AGAINST THE FLOW!!!
By Montana Grant

Posted: May 15, 2022

 

For the record, I am so against the flow of where our public waters and lands are headed. After a lifetime of public land and water freedoms, it is hard to watch our resources end up being lost and destroyed.

The “Good Old Days” are gone. It is awful to say that. Public access is shrinking. What is left is more crowded and overused. Access is controlled by the wealthy and their political cronies. 

You can place blame on many issues. The movie “A River Runs Through it” certainly gets plenty of blame. Climate change or Global Warming has heated things up. Annual forest fires are ravaging our watersheds. Management changes have altered future fishery and big game outcomes. Big Money and out of state greed is also taking a huge bite out of our Big Sky Country.

Private land buyers are targeting our wonderful open spaces. These deep pocketed, selfish land grabbers can afford to suck up property for their own wants and needs. Fences goes up, access goes down, and only the “Chosen Ones” get to experience what we all once enjoyed.

Back in the Day, you could knock on a rancher’s door and get access to hunt and fish. Good luck with gaining access today. These remote waters and woods are earmarked for just family, friends, and leasers. Money talks and everything else walks.

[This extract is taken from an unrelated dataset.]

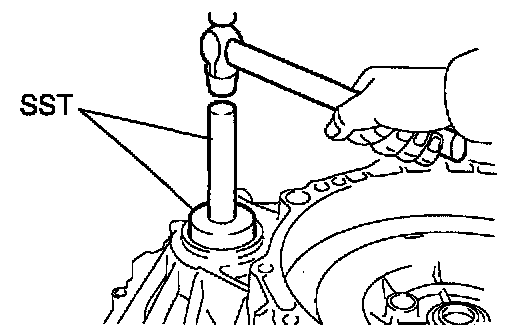a. Using SST and a hammer, install a new oil seal.
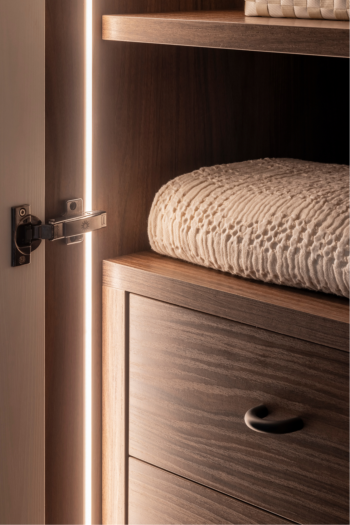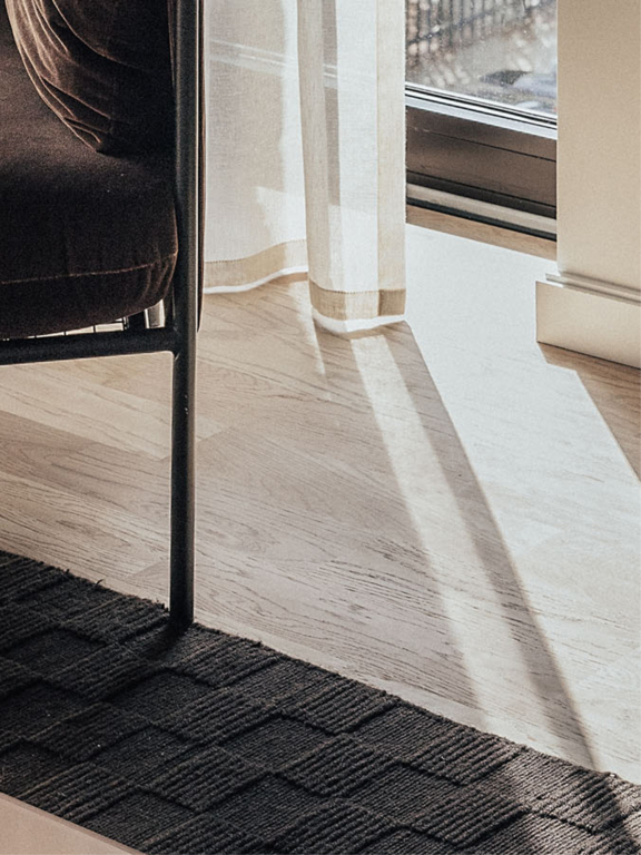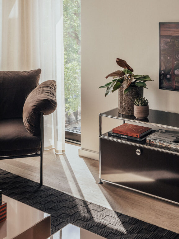 We know how lighting can enhance your mood and wellbeing, and how your needs change as the hours and seasons pass. Linear LEDs, loft-like track lighting and pendants are precisely placed throughout to create a calming experience, each fully dimmable. This functionality is ideal for creating a peaceful retreat in the bathroom, which features a rain shower, brushed black brassware designed in London, and matt white sanitaryware from Barcelona-based company Roca.

Another example of a lost fishery is underway. Willow Creek drains out of Harrison Reservoir, in SW Montana. This small creek flows through a narrow canyon. There are no trails, plenty of rattlesnakes, and great fishing. The private owners allowed access for decades. You simply had to make a reservation. It was such a treat to spend a few days on this uncrowded and beautiful water. As a Scoutmaster, I would take my Scouts to catch their Fly Fishing Merit Badge on this creek. A new private landowner has just purchased this property and shut it down. No more reservations, access, or public use. The new owner plans to allow Wounded Warriors to use the fishery. Good luck with that. The snakes and rough access will be an issue, but I guess the landowner will be able to declare some kind of tax benefit.

Our Blue-Ribbon Waters have been overfished, dewatered, and loved to death. Fishing access parking areas are overflowing. Out of staters flow into the rivers and rip lips with gusto. Guides make a few bucks giving away the keys to the fishing and hunting castle. Local fly shops, shuttle services, rentals, and guides are all a flutter with dollar signs in their eyes.

Native trout management wants to return fisheries to the way they used to be. “Wild trout” are being poisoned so that “Native”, less evolutionarily fit, cutthroats can be reintroduced. Stocking fish is now considered a sin even though many of prestigious fisheries are a result of stocked fish.

It is hard to watch our once great hunting and fishery opportunities dry up. Just a few decades ago, we still had wonderful public adventures for all. Then came the crowds. Huge campers and RV’s, vast acreages bought up and posted, National Parks are bumper to bumper, Montana has become Disneyland. You must pay to play. Those of us that have enjoyed a lifetime of the Last Best Place, are saddened by the wave of change.

For many of us, we will still find a few fish to catch and remember the good old days. I feel sorry for those in the future that will never see Montana the way we did as kids. A vast public playground where great hunting and fishing were taken for granted.

I wish that I was completely wrong. The wealthy folks closing off access will simply ignore us or put us down. More for them is great, less for us is better. Their future only requires a fat wallet. Our future is doomed to more regulations, private fencing, lost access, crowds, and competition.

If we want more public access, the public must speak up. Otherwise, the Last Best Place will just be another story about the Good Old Days.